Banks use the interest rate model that has been widely been criticised for not containing full disclosure of certain transaction costs.

For instance, a creditor may be offered a loan with a lower interest rate on paper but have higher upfront costs that if taken into consideration makes its facility actually more expensive.

Central Bank of Kenya requires banks to provide loan applicants with a breakdown of the total cost of credit that include bank charges and third-party costs as well as repayment schedule.

Under the new model, banks will disclose the total costs associated with the loan, the loan repayment schedule; and the APR, which takes into account the interest rate component; bank charges and fees; and third party costs, including legal fees, insurance costs, valuation fees and government levies.

Lending rates currently average 18 per cent compared to a high of 25 per cent from the third quarter of 2011, when the bankers mooted the idea of APR.

The Kenyan banking sector recorded growth in the quarter ended March, compared to the fourth quarter to December 2013.

Latest data by Central Bank of Kenya (CBK) showed that gross loans advanced grew by 5.6 per cent to Sh1.7 trillion in March from Sh1.6 in December.

The APR comes as the competition watchdog investigates banks over the pricing of their products in what could see far-reaching reforms in the sector.
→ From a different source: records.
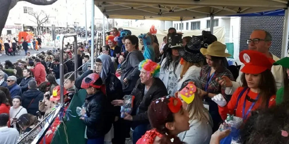 Varios niños del centro tuvieron la oportunidad de salir a la terraza de la fachada del Hospital, donde los responsables del centro colocaron una carpa. Los menores contaron con una bolsa de picnic que contenía un bocadillo, yogur y fruta. Y como no podía ser de otra manera, no faltaron los papelillos y las serpentinas carnavalescas.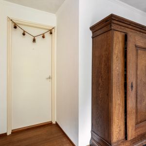 1e verdieping: overloop met massief Eikenhout vloer; toilet; slaapkamer I met badmeubel; slaapkamer II met badmeubel; slaapkamer III met badmeubel; slaapkamer IV met 4 inbouwkasten en dubbel openslaande deuren naar dakterras; royale badkamer met dakkapel, fraaie inrichting (o.a. bubbelbad, douche, 2e wc, bidet, dubbele wastafel, vloerverwarming) en toegang naar slaapkamer IV.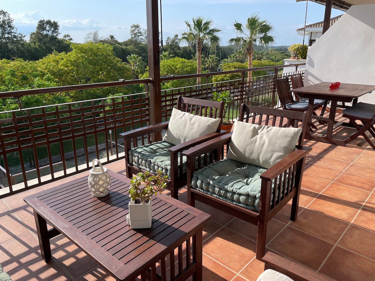 तुम्हाला तुमच्या मित्रमैत्रिणी आणि कुटुंबासह आराम करायचा आहे का? तुमच्या प्रियकराबरोबर अनोखे क्षण शेअर करण्यासाठी हे अपार्टमेंट उत्तम आहे. 2 स्विमिंग पूल्स (एक प्रौढांसाठी आणि एक मुलांसाठी), एक लहान मुलांचे खेळाचे मैदान, 2 पॅडल कोर्ट्स आणि एक बार्बेक्यू, अपार्टमेंट तुम्हाला आवश्यक असलेले सर्व आराम देते. पोर्तुगालसह दक्षिण - स्पॅनिश सीमेवर वसलेले हे अपार्टमेंट फारो विमानतळापासून कारने 40 मिनिटांच्या अंतरावर आणि सेव्हिला विमानतळापासून 1.2 तास अंतरावर आहे. कृपया लक्षात घ्या की स्विमिंग पूल्स ऑक्टोबर ते एप्रिल या कालावधीत बंद असतात. उघडण्याच्या वेळा बदलू शकतात.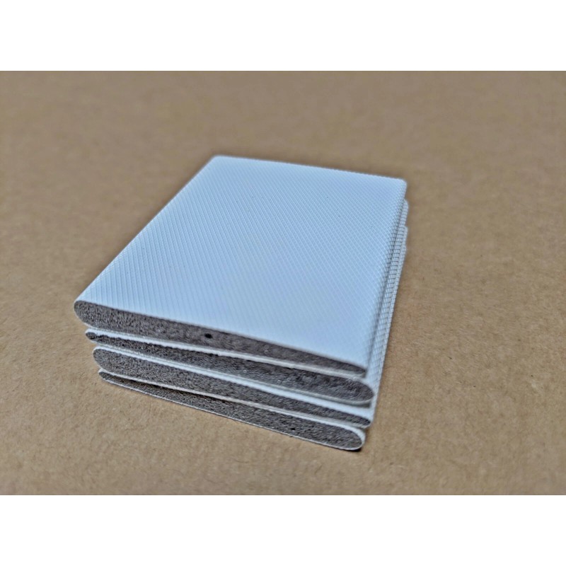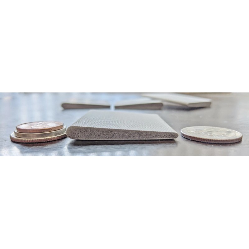 These are little wedge-shaped pieces of foam weatherstrip / weatherstripping with peel-off adhesive backs.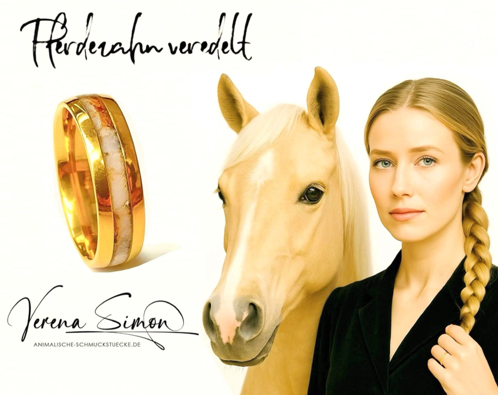 Ring aus Edelstahl mit Zahnfragmenten im Inneren (Kind,Hund,Pferd) veredelt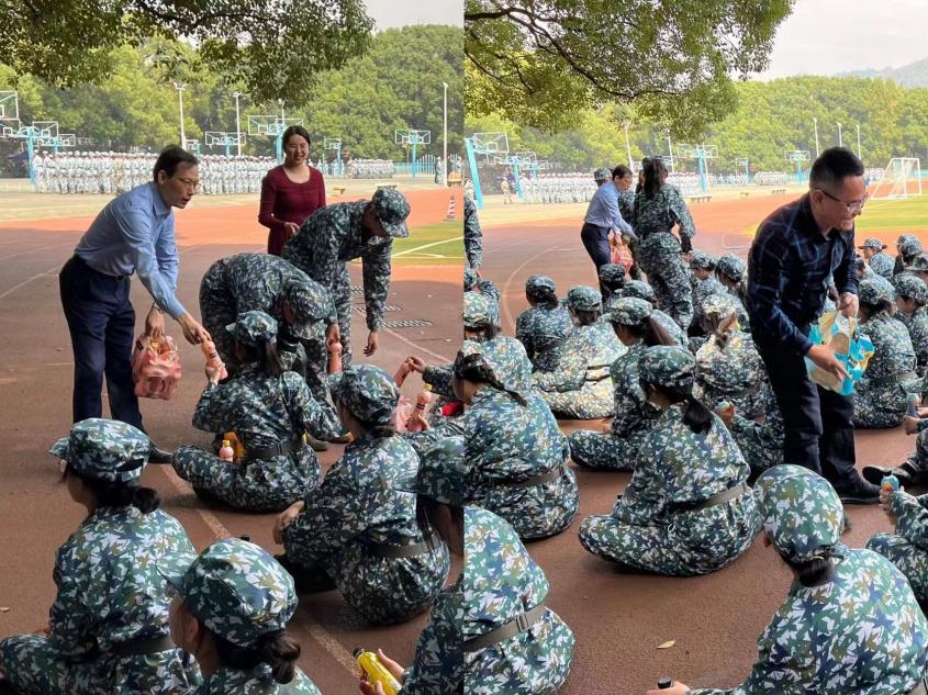 活动现场,法学院为每位新生准备了一瓶果汁饮料,学院领导和老师亲切地为新生发放果汁。休息间隙,法学院党委书记毛俊响和院长许中缘分别寄语新生,祝福新生能在军训中磨练意志、在大学四年里茁壮成长。学生们感受到来自学院满满的心意和暖意,都洋溢着快乐的笑容。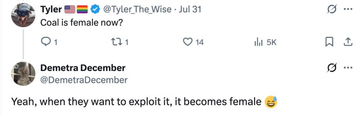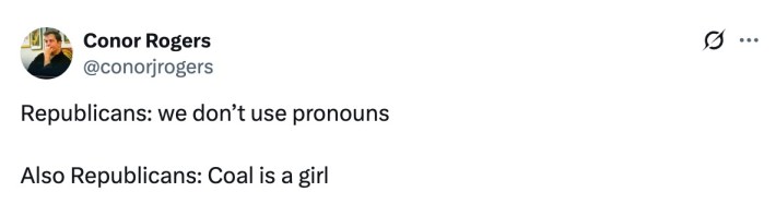 So to see a government account under a Republican administration start labeling coal a "she" was just downright goofy. It doesn't matter that humans have been anthropomorphizing things like cars and boats for as long as they've been around. MAGA wanted a war on pronouns; the least they can do is stick to their guns (he/they).

The Competition Authority of Kenya is seeking to establish the extent of competition in Kenya’s banking sector, following concerns that interest rates spreads — at an average of between nine to 13 percentage points in the past five years—are too wide.
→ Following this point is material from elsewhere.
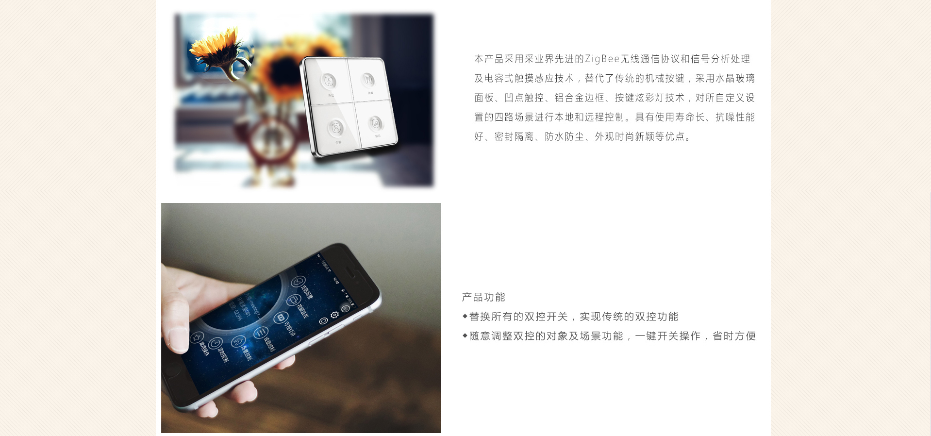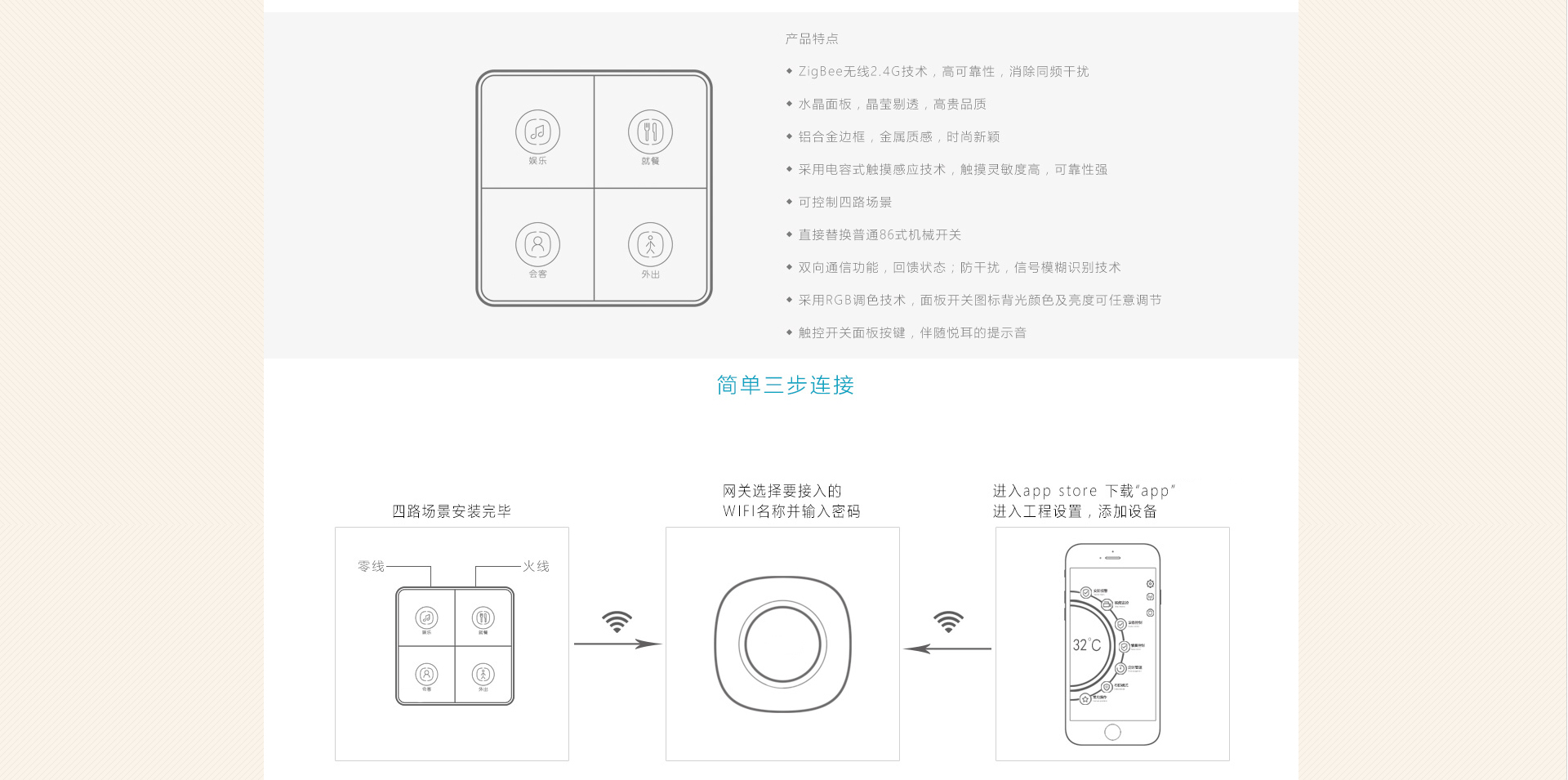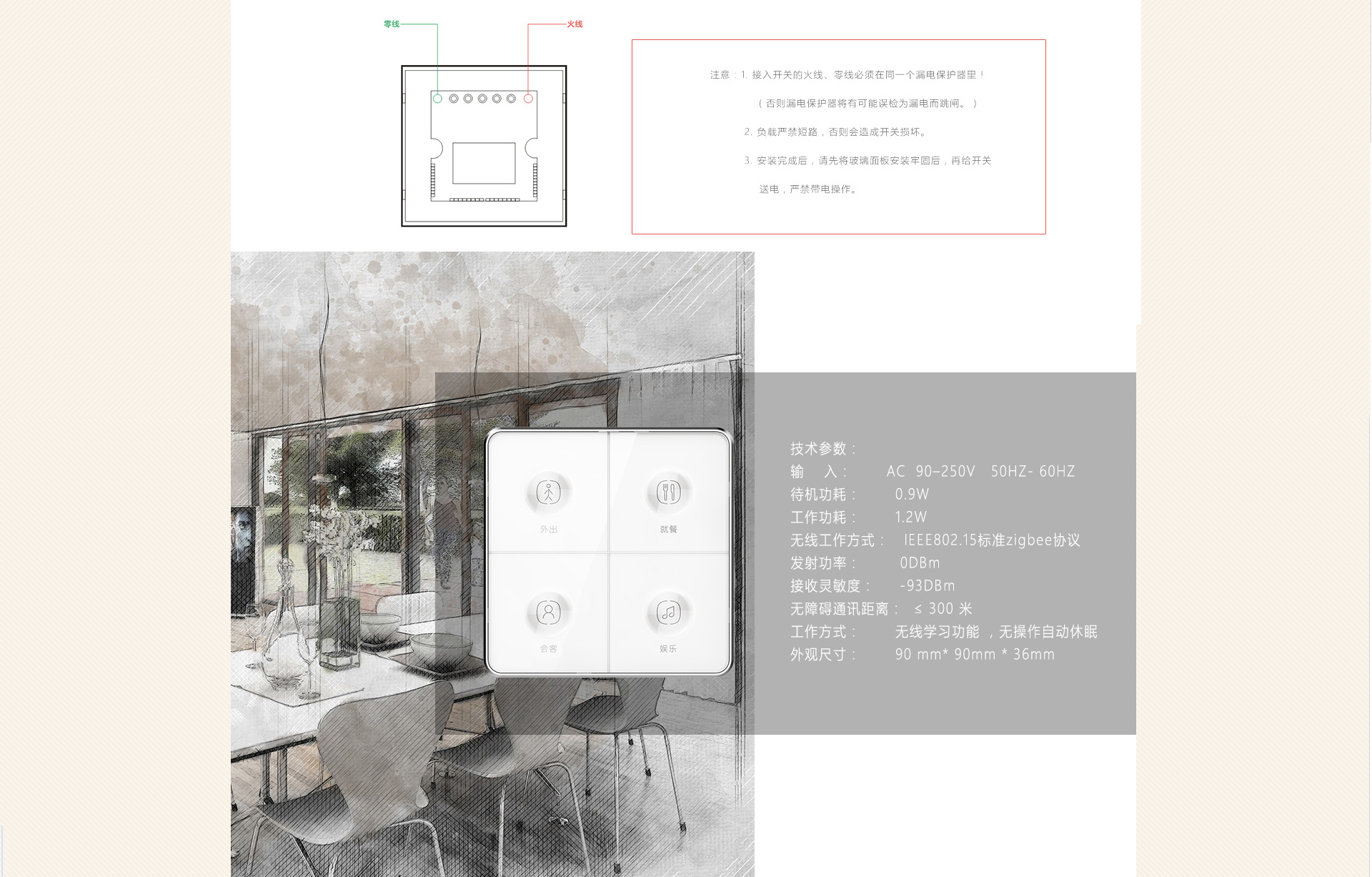 本产品采用采业界先进的ZigBee无线通信协议和信号分析处理及电容式触摸感应技术,替代了传统的机械按键,采用水晶玻璃面板、凹点触控、铝合金边框、按键炫彩灯技术,对所自定义设置的四路场景进行本地和远程控制。具有使用寿命长、抗噪性能好、密封隔离、防水防尘、外观时尚新颖等优点。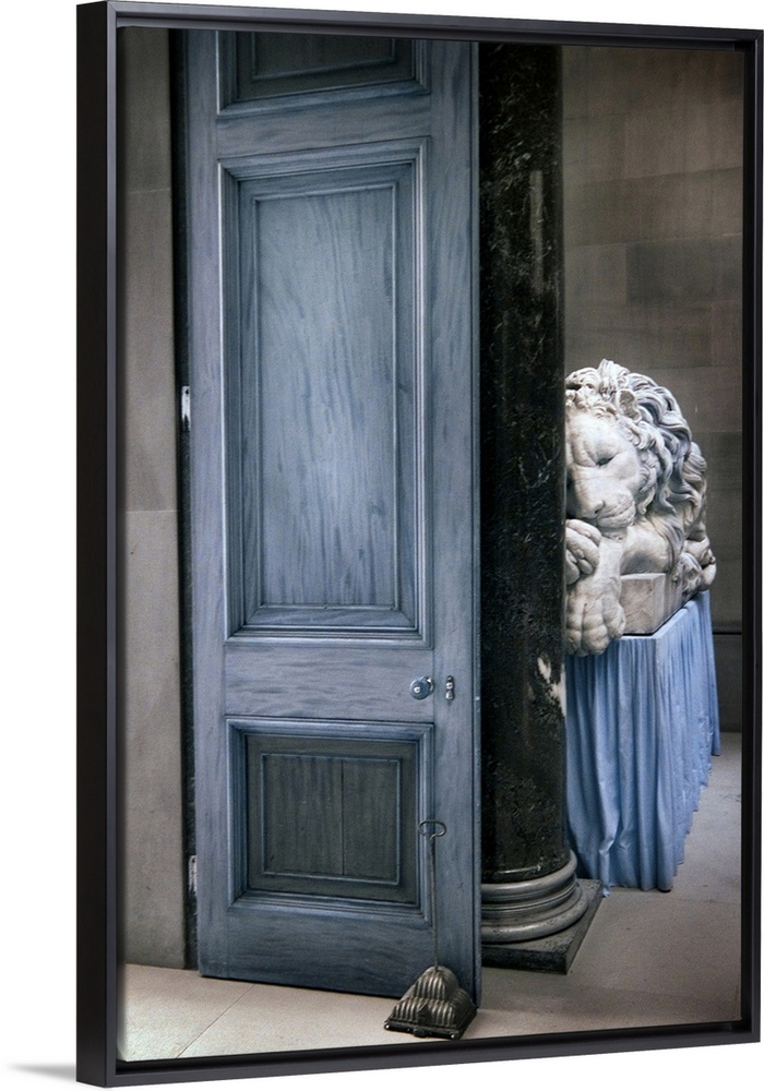 <p>A large door and a carved marble lion</p>

The survey will also look into the banks’ complex tariff structure, which makes prices of their services not easily comparable; with customers finding it difficult to switch from one bank to another. The agency has tapped a South African firm, Genesis Analytics, to carry out the inquiry.

It will also investigate whether banks discriminate between different entities such as corporate firms and individuals when negotiating prices for loans to customers.

The Central Bank of Kenya’s Bank Supervision Report based on the 2012 financial results shows that six banks hold 54 per cent of market share for loans and deposits.

The top six banks earned 66 per cent of the total profit reported by the industry. The top 10 held 70 per cent of assets and deposits and made 82 per cent of the profits in 2012.